Most companies have one target they’re interested in, and they’re going after that target, but they’re not much interested in combining some other company’s target with their own one, for obvious reasons. So we think at SENS that this is a project that lies within our duty as a service to the community where we combine these targets and see how much they would actually synergize and bring additional lifespan extension.

For everything else, please visit our website, send us an email, our [email protected] email address is always there for you. Please do get in contact with us, ask questions, get information. Please all, come visit our website, we have plenty of jobs that are out there, and we would love to have you join us. So yes, we are currently expanding. Please look out, there will be more announcements in the future.

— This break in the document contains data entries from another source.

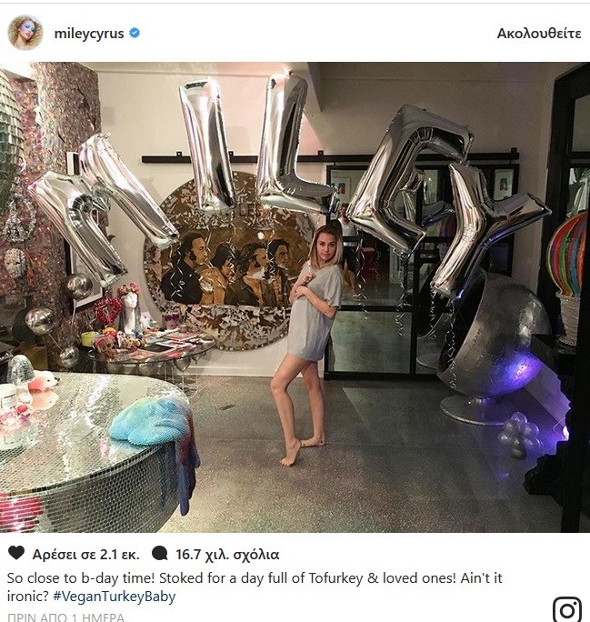 Η Cyrus που γιόρτασε τα γενέθλια της και διαδικτυακά, ανέβασε μία φωτογραφία στο Instagram στην οποία φαίνεται η ελαφρώς φουσκωμένη κοιλιά της.
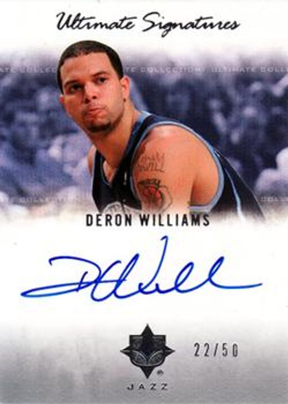 The Deron Williams 2007 Upper Deck Ultimate Collection #US-WI Ultimate Signatures /50 card is 1 of 12 Deron Williams' card variations in the 2007 Upper Deck Ultimate Collection set being tracked by Sports Card Investor, including Base /99, Foil /10, Ultimate Materials, Ultimate Materials Autographs, and Ultimate Leadership /99.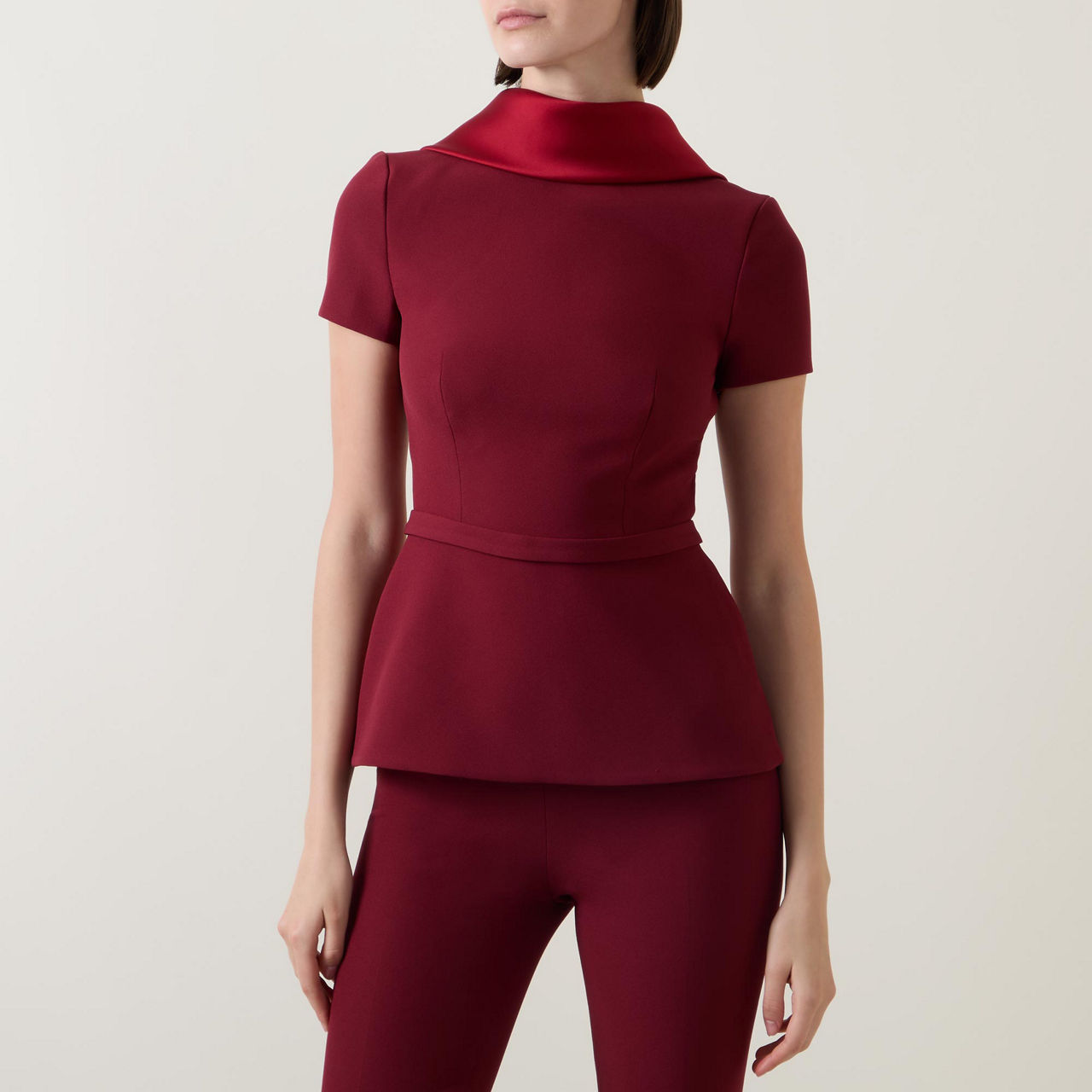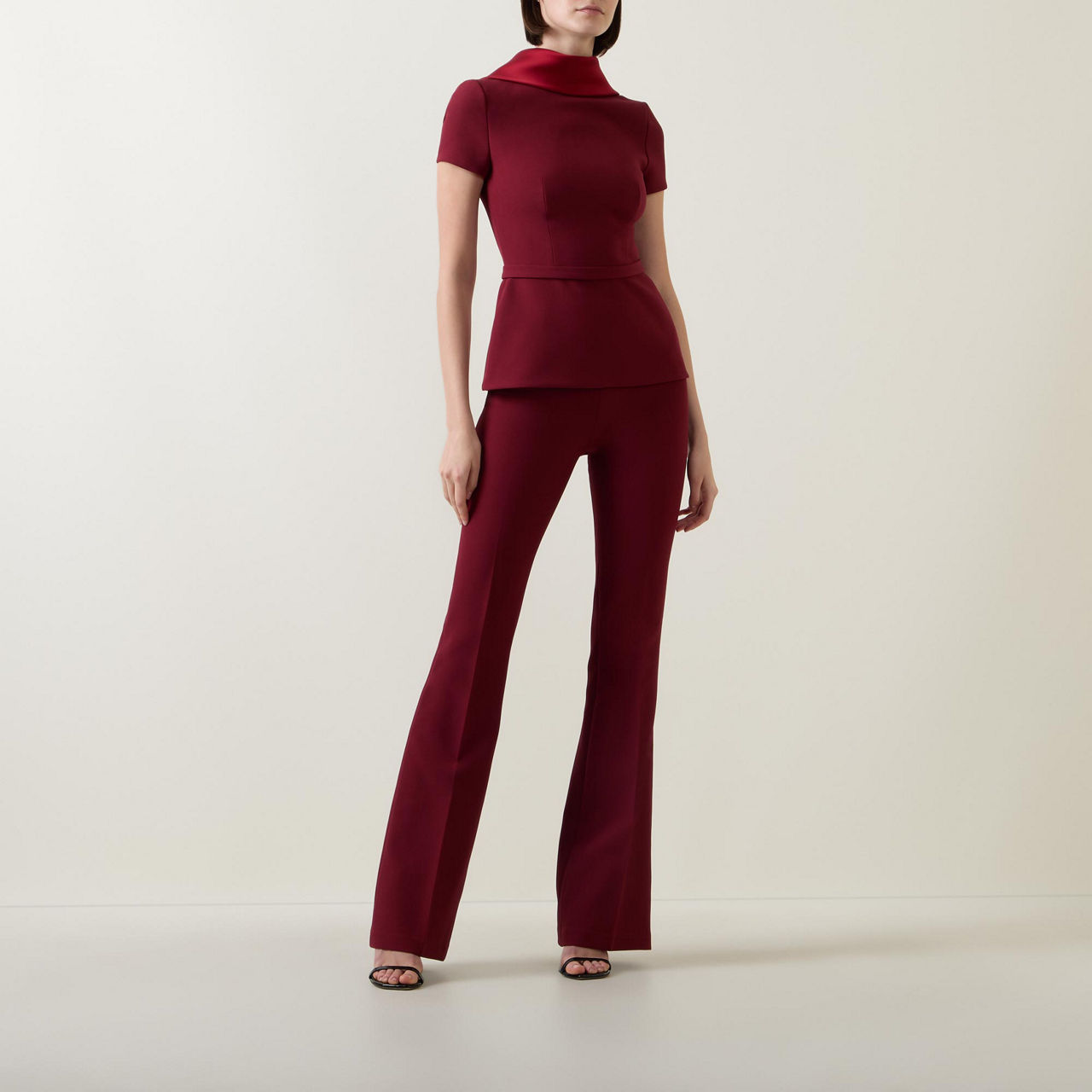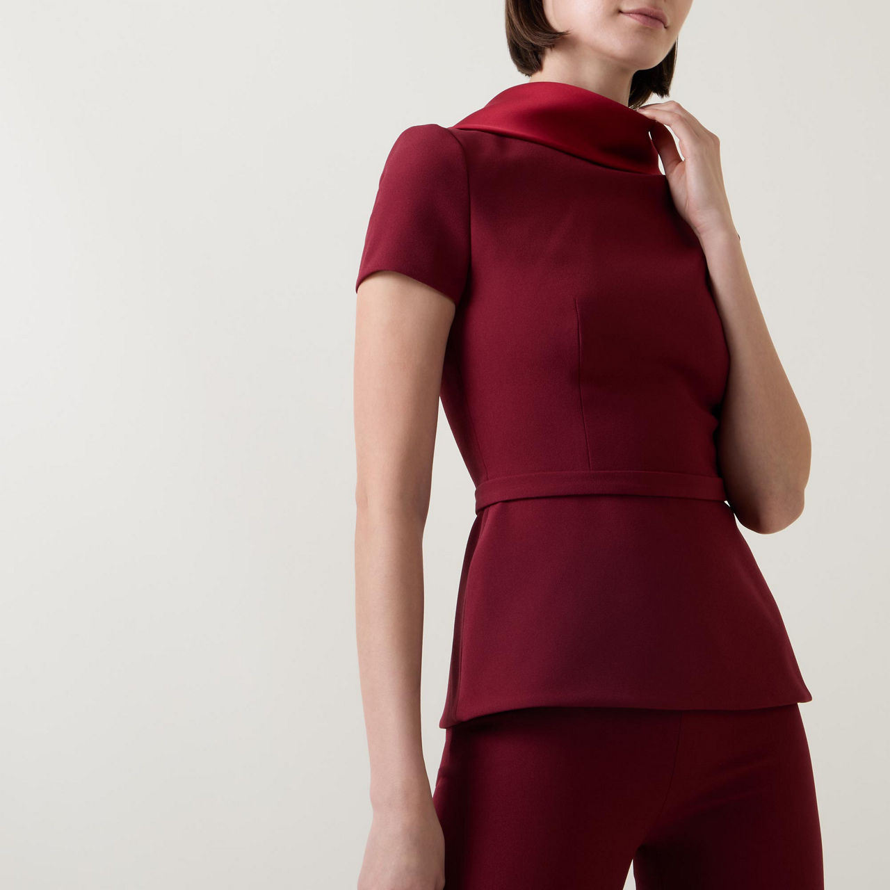 - High neckline in contrasting satin fabric, V-shaped back, rear concealed zip fastening, fitted through the waist, belt detail, peplum hem, smooth finish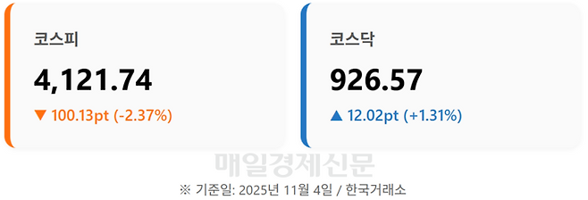 ![4일 서울 중구 하나은행 딜링룸 현황판에 코스피 등이 표시되고 있다. [연합뉴스]](https://img3.daumcdn.net/thumb/R658x0.q70/?fname=https://t1.daumcdn.net/news/202511/04/mk/20251104161839265sxdr.png)

Question: When you said you will consider grant applications from outside, do you have a cap on the scale of the project? What monies do you generally fund?

We usually fund projects in the size from 50k to, let’s say, 350k; there isn’t really a top budget line. We always say it needs to fit the project, but naturally, we can’t fund something for millions and millions. So that is usually the range, but it can be shifted. For the length of the project, we’re usually looking for projects that are one to three years; that’s mostly what we see.

The application or the grant schedule, however, is always on a yearly basis. So if you write a project, make sure you create your project in one-year bits because you only get funding approval for one year. But if you submit a project for three years, we usually expect you to progress and then get approval for the upcoming years.

Question: What’s the deadline for the grant submission?

We really don’t have deadlines. In most years when we don’t have COVID, we have four meetings a year where we look at the grants and make decisions, so usually, the deadlines or the upcoming meeting is being advertised on our website. So just look at the current website; that date is always updated. Generally, just consider like there is no deadline, just send us your LOI and it will be considered for the next meeting.

Question: I just want to highlight our education program and how we may expand it. What other ideas do you have to engage the upcoming generations into rejuvenation therapy? So in addition to summer scholars or postbac fellows, do you have any other choices for them? If they wanted to do a PhD in the field, would you be willing to entertain that?

It’s not official yet, but there will be a reworking of the education project or the education part of the organization. It’s not publicized yet, but most likely, it will contain changes like this, that also PhD projects are being considered. Please stand by and wait for the announcement; it hopefully is not far away. Great, then I hope you all enjoyed it, and please do get in contact.